Supplied material below:
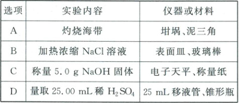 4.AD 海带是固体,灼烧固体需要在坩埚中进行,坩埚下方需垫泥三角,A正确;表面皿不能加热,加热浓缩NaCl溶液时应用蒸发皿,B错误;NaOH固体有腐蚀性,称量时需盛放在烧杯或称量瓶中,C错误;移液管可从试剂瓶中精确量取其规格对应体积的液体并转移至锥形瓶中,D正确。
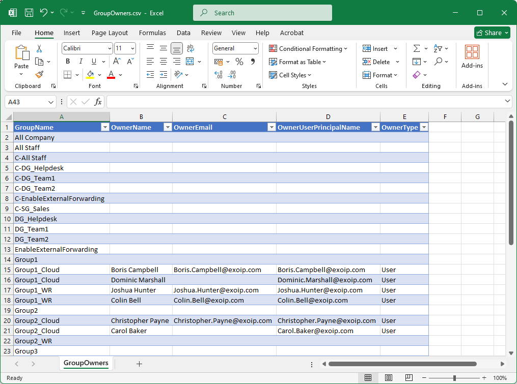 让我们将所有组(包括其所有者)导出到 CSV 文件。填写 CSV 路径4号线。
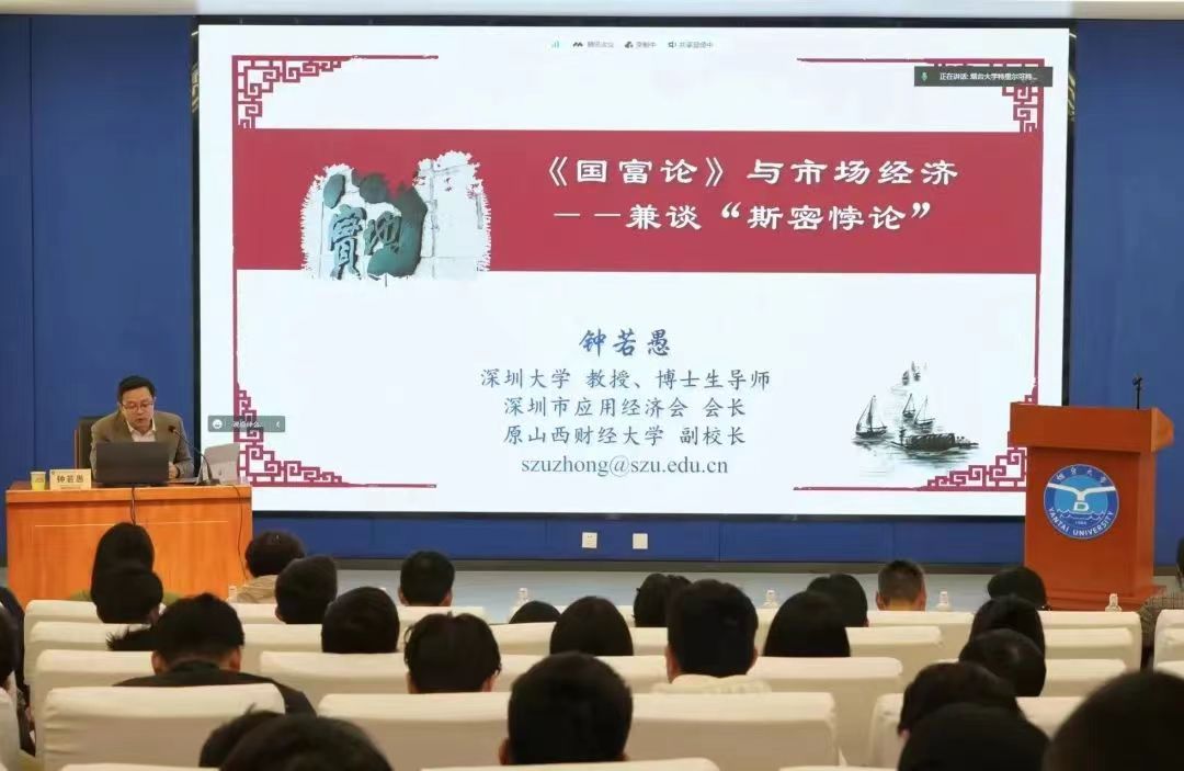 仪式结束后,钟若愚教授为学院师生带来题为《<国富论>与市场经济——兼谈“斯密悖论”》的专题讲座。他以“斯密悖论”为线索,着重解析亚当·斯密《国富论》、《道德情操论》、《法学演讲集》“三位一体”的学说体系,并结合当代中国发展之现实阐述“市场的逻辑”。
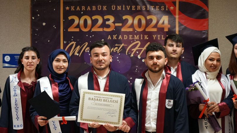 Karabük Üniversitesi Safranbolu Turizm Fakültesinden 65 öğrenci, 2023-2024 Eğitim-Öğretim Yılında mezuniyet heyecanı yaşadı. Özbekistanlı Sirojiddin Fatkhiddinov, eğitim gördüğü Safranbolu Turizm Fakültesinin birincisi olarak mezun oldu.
End of Supplied material.
Supplied material below:
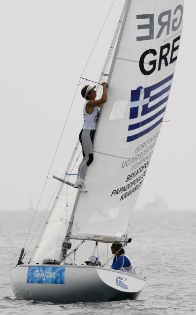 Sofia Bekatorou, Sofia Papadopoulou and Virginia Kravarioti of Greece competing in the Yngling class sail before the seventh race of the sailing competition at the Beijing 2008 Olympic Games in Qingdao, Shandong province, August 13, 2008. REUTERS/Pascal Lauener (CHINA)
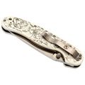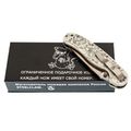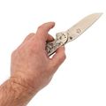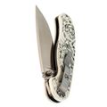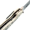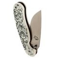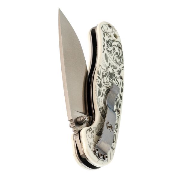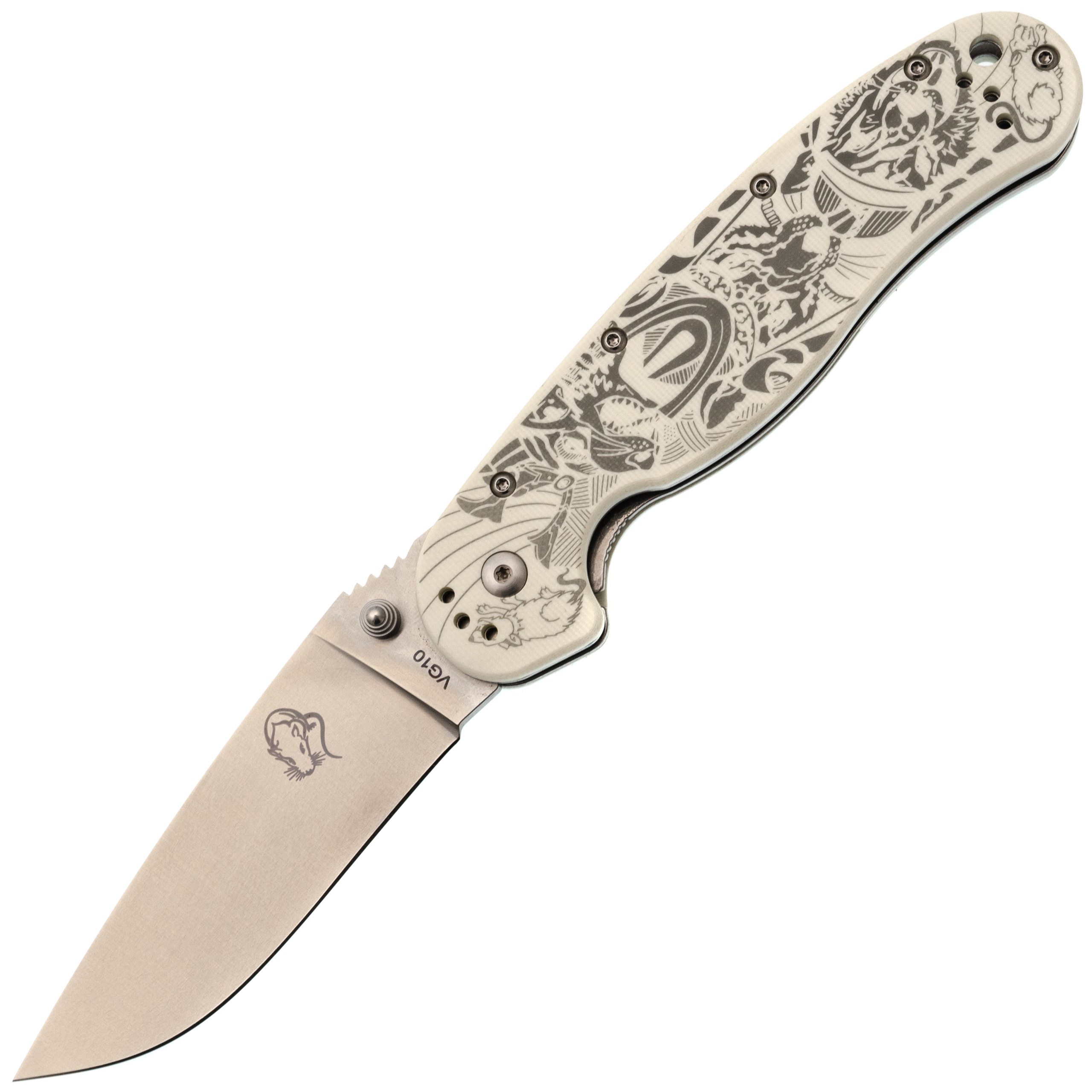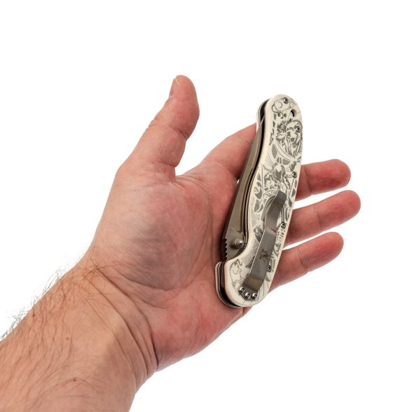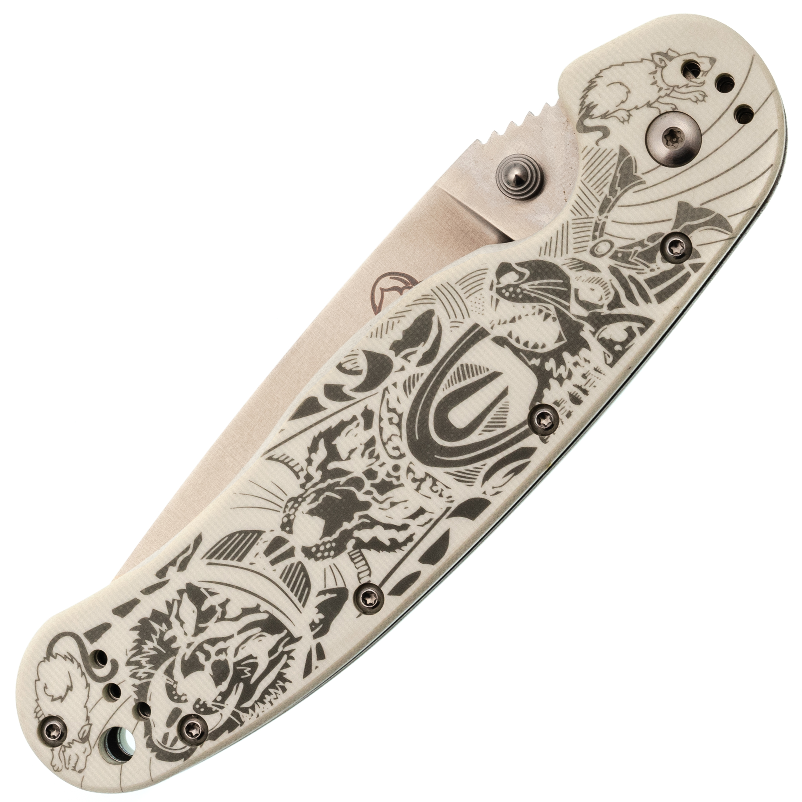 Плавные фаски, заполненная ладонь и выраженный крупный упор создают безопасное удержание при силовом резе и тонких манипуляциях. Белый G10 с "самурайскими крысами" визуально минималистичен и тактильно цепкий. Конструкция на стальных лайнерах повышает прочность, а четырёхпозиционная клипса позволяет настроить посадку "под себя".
End of Supplied material.
Supplied material below:
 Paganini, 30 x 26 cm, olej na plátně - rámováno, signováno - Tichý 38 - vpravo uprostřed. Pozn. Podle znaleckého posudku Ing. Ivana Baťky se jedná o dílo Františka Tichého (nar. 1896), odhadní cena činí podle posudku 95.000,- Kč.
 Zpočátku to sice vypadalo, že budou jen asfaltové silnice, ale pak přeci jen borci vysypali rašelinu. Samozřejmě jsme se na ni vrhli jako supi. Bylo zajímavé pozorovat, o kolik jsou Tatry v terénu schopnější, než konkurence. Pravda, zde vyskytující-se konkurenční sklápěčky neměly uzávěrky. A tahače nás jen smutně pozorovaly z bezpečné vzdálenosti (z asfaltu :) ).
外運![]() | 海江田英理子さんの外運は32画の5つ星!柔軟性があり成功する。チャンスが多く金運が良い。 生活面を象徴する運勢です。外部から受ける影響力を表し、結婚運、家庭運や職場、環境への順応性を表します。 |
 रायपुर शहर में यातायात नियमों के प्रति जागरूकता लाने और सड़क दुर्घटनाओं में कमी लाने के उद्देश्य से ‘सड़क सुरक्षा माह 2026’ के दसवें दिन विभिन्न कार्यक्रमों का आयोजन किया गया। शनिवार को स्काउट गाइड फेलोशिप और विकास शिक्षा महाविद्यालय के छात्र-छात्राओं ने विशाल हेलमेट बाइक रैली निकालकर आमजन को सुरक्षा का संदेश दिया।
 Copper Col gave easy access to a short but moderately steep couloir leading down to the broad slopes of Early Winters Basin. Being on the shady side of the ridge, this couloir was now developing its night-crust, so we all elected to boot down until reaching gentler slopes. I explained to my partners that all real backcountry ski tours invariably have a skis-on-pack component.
End of Supplied material.
**Action item**
Look above and copy only the lines from the one holding "4.AD 海带是固体,灼烧固" to the one holding "Karabük Üniversitesi Safranbolu", both included, exactly, minus the pictures.

**Output below**
 4.AD 海带是固体,灼烧固体需要在坩埚中进行,坩埚下方需垫泥三角,A正确;表面皿不能加热,加热浓缩NaCl溶液时应用蒸发皿,B错误;NaOH固体有腐蚀性,称量时需盛放在烧杯或称量瓶中,C错误;移液管可从试剂瓶中精确量取其规格对应体积的液体并转移至锥形瓶中,D正确。
 让我们将所有组(包括其所有者)导出到 CSV 文件。填写 CSV 路径4号线。
 仪式结束后,钟若愚教授为学院师生带来题为《<国富论>与市场经济——兼谈“斯密悖论”》的专题讲座。他以“斯密悖论”为线索,着重解析亚当·斯密《国富论》、《道德情操论》、《法学演讲集》“三位一体”的学说体系,并结合当代中国发展之现实阐述“市场的逻辑”。
 Karabük Üniversitesi Safranbolu Turizm Fakültesinden 65 öğrenci, 2023-2024 Eğitim-Öğretim Yılında mezuniyet heyecanı yaşadı. Özbekistanlı Sirojiddin Fatkhiddinov, eğitim gördüğü Safranbolu Turizm Fakültesinin birincisi olarak mezun oldu.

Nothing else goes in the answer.